Сколько раз мужчины тонкого душевного устройства падали, как из самолета без парашюта, в любовь к вульгарным толстухам! Сколько раз нежные женщины уступали похотливым кабанам, – и в спальню, видя в этом толк, пускали негодяев.

Хотения тела и веленья ума, похоть и разум, сердце и мозг – все эти битвы, собравшие и разгромившие целые армии, а параллельно породившие и «Крейцерову сонату», и «Легкое дыхание», и «Отца Сергия», и тьму, тьму, тьму рассказов, повестей и романов по всему миру – все эти неразрешимые противоречия, Кантовские антиномии, трансцендентальные единства апперцепций почему-то остаются вне современной русской прозы. И даже поэзии. Два главнейших современных русских поэта – Всеволод Емелин (и, понятно, Дмитрий Быков) известны не как любовные лирики, а как создатели рифмованных сатир. («Бог не фраер, Бог не шлимазл, в руках его пряник и плеть. Кому пожелает, он дарит газ, кому пожелает – нефть» – Емелин, «Гражданин поэт» – Быков).

Попробуйте отыскать в потоке новой русской литературы роман о любви, о том, как, не знаю, обманчиво внезапно, на пустом месте, возникает невозможная, необъяснимая любовь к тому, к той, кто по всем параметрам недостоин любви – ну, к уборщице Большого театра – и которая меняет влекомого жизненным потоком героя, что он начинает плыть против течения. Но что при этом ревущий поток любви так силен, что он заглушает поток похоти, и мужчина бессилен со своей жертвой в кровати. Я в жизни такие истории знаю. Но я не знаю ни одного в литературе их описания. Любовь в литературе умерла, – ей-ей, даже в дамских романах (где всегда присутствует картонная историйка, как героиня влюбляется в сына подруги и везет его на Багамы) любви куда больше.
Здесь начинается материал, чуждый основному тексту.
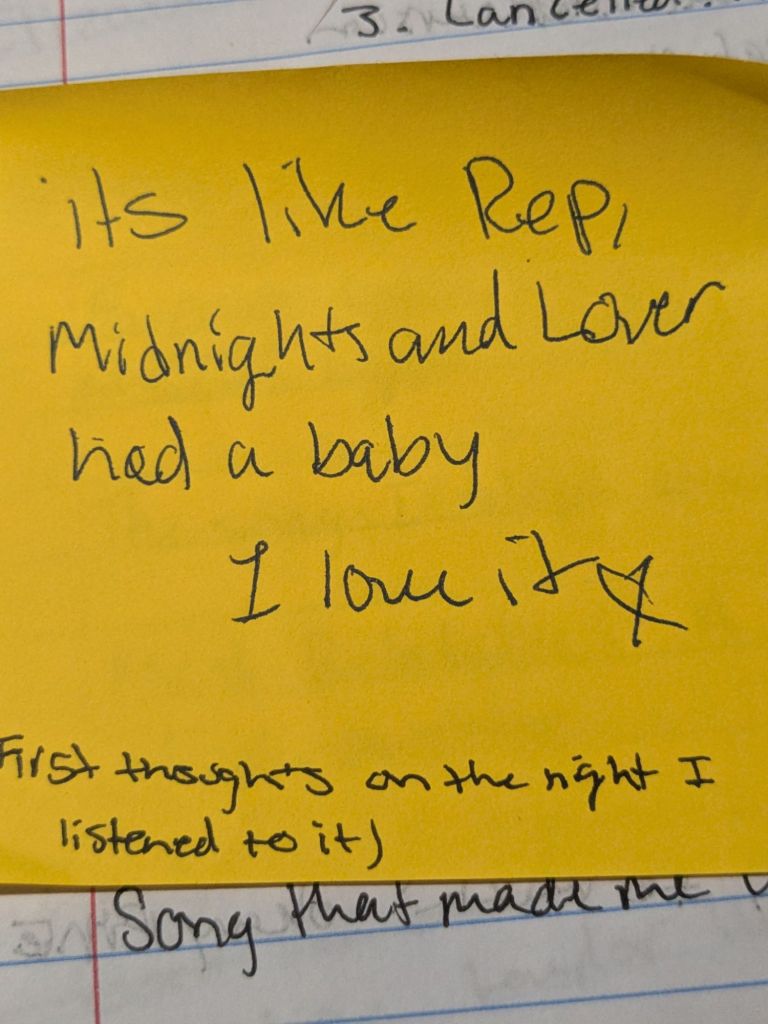 To be honest with you all it took me a day or two to listen to the album, I usually listen to the album the night it releases but I had a lot going on the week of the release. But when I finally did listen to the album I had to sit with my emotions – so many emotions. How does she always hit us with such bangers? Seriously though, the album and I will insert a picture of the note below, “it’s like rep, midnights and lover had a baby – I love it”.

Третье. Как ни странно, несмотря на все обвинения в разнузданности, современная русская литература удивительно неэротична. Она не умеет рассказывать о сопряжении тел так, чтобы вызвать возбуждение. Эротичен – и, честно говоря, порнографичен – Бунин. Таковы его «Митина любовь», его «Темные аллеи». В «Аллеях» есть один, нежно любимый мною, рассказ, «Начало», как 12-летний мальчик теряет невинность – не в пошлом смысле, а в главном – когда в поезде, наблюдая зашедшую влюбленную и несомненно близкую пару, задыхается, видя, как молодая женщина, упав на диван, отстегивает что-то от шелковых серых чулок, поднимая платье до голого тела между ним и чулками, и оправляет подол. Небо падает на мальчишку. У Бунина вообще в деталях, в описании нечаянностей впопыхах, локтей, ладоней, не просто дьявол – там все Люциферово войско. Умел нобелевский лауреат описать жаркое и жадное тело, знал в жажде тела толк, знал все повороты… Ну, и Пастернак с Набоковым – эти тоже знали и умели.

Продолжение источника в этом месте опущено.